►

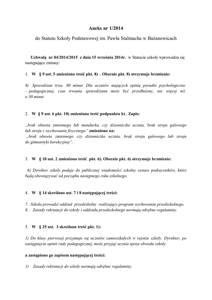 Aneks nr 1/2014 do Statutu Szkoły Podstawowej im. Pawła Stalmacha w Bażanowicach Uchwałą nr 04/2014/2015 z dnia 15 września 2014r. w Statucie szkoły wprowadza się następujące zmiany: 1. W § 9 ust. 5 zmieniono treść pkt. 8) . Obecnie pkt. 8) otrzymuje brzmienie: 8) Sprawdzian trwa 80 minut. Dla uczniów mających opinię poradni psychologiczno – pedagogicznej, czas trwania sprawdzianu może być przedłużony, nie więcej niż o 30 minut. 2. W § 9 ust. 6 pkt. 10) zmieniono treść podpunktu b) . Zapis: „brak obuwia zmiennego lub mundurka, czy dzienniczka ucznia, brak stroju galowego lub stroju z wychowania fizycznego” zmieniono na: „brak obuwia zmiennego czy dzienniczka ucznia, brak stroju galowego lub stroju do gimnastyki korekcyjnej”. 3. W § 10 ust. 2 zmieniono treść pkt. 6). Obecnie pkt. 6) otrzymuje brzmienie: 6) Dyrektor szkoły podaje do publicznej wiadomości szkolny zestaw podręczników, które będą obowiązywać od początku następnego roku szkolnego. 4. W § 14 skreślono ust. 7 i 8 następującej treści: 7. Szkoła prowadzi oddział przedszkolny realizujący program wychowania przedszkolnego. 8. Zasady rekrutacji do szkoły i oddziału przedszkolnego normują odrębne regulaminy. 5. W § 25 ust. 3 skreślono treść pkt. 1): 1) Do klasy pierwszej przyjmuje się uczniów zamieszkałych w rejonie szkoły. Dyrektor, po zasięgnięciu opinii rady pedagogicznej, może przyjąć ucznia spoza obwodu szkoły. a zastąpiono go zapisem następującej treści: 1) Zasady rekrutacji do szkoły normują odrębne regulaminy. 6. W § 26 ust. 2 zmieniono treść pkt. 9). Obecnie pkt. 9) otrzymuje brzmienie: 9) noszenia stroju galowego (biała koszula / bluzka, czarne / granatowe spodnie /spódnica).
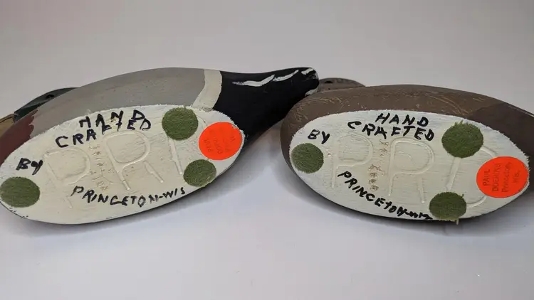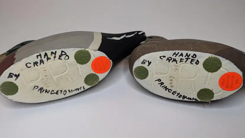This vintage PRD Paul Doering Princeton Wis Decoy set is a must-have for any avid hunter. The decoy ducks are crafted from high-quality wood and feature glass eyes that provide a realistic touch. The set includes two Blue-Winged Teal decoys, each measuring roughly 7 inches.
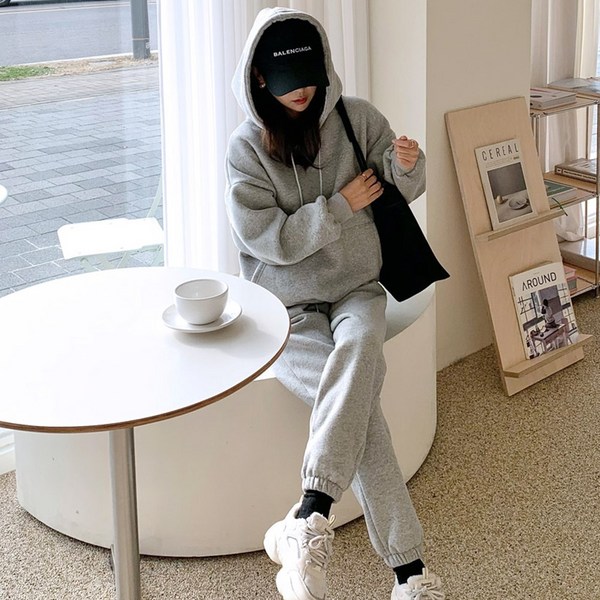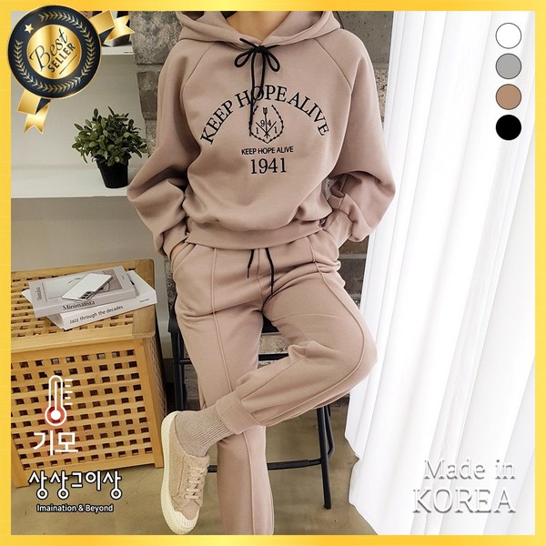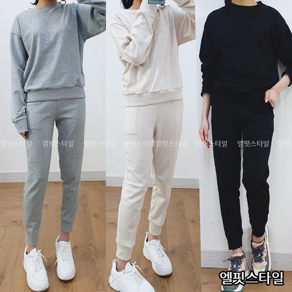 7번: 상상그이상 여성용 국내제작 1928 기모세트 부드러운 원단 고급소재 따뜻한 특양면소재 가성비 좋은 심플한 맨투맨 조거팬츠 세트 편하게 입기좋은 가벼운 트레이닝 운동복코디

◄

## WHAT NEEDS TO BE DONE:
Quote the preceding listing precisely and completely, omitting its images.

## SOLUTION:
 Aneks nr 1/2014 do Statutu Szkoły Podstawowej im. Pawła Stalmacha w Bażanowicach Uchwałą nr 04/2014/2015 z dnia 15 września 2014r. w Statucie szkoły wprowadza się następujące zmiany: 1. W § 9 ust. 5 zmieniono treść pkt. 8) . Obecnie pkt. 8) otrzymuje brzmienie: 8) Sprawdzian trwa 80 minut. Dla uczniów mających opinię poradni psychologiczno – pedagogicznej, czas trwania sprawdzianu może być przedłużony, nie więcej niż o 30 minut. 2. W § 9 ust. 6 pkt. 10) zmieniono treść podpunktu b) . Zapis: „brak obuwia zmiennego lub mundurka, czy dzienniczka ucznia, brak stroju galowego lub stroju z wychowania fizycznego” zmieniono na: „brak obuwia zmiennego czy dzienniczka ucznia, brak stroju galowego lub stroju do gimnastyki korekcyjnej”. 3. W § 10 ust. 2 zmieniono treść pkt. 6). Obecnie pkt. 6) otrzymuje brzmienie: 6) Dyrektor szkoły podaje do publicznej wiadomości szkolny zestaw podręczników, które będą obowiązywać od początku następnego roku szkolnego. 4. W § 14 skreślono ust. 7 i 8 następującej treści: 7. Szkoła prowadzi oddział przedszkolny realizujący program wychowania przedszkolnego. 8. Zasady rekrutacji do szkoły i oddziału przedszkolnego normują odrębne regulaminy. 5. W § 25 ust. 3 skreślono treść pkt. 1): 1) Do klasy pierwszej przyjmuje się uczniów zamieszkałych w rejonie szkoły. Dyrektor, po zasięgnięciu opinii rady pedagogicznej, może przyjąć ucznia spoza obwodu szkoły. a zastąpiono go zapisem następującej treści: 1) Zasady rekrutacji do szkoły normują odrębne regulaminy. 6. W § 26 ust. 2 zmieniono treść pkt. 9). Obecnie pkt. 9) otrzymuje brzmienie: 9) noszenia stroju galowego (biała koszula / bluzka, czarne / granatowe spodnie /spódnica).
This vintage PRD Paul Doering Princeton Wis Decoy set is a must-have for any avid hunter. The decoy ducks are crafted from high-quality wood and feature glass eyes that provide a realistic touch. The set includes two Blue-Winged Teal decoys, each measuring roughly 7 inches.
 7번: 상상그이상 여성용 국내제작 1928 기모세트 부드러운 원단 고급소재 따뜻한 특양면소재 가성비 좋은 심플한 맨투맨 조거팬츠 세트 편하게 입기좋은 가벼운 트레이닝 운동복코디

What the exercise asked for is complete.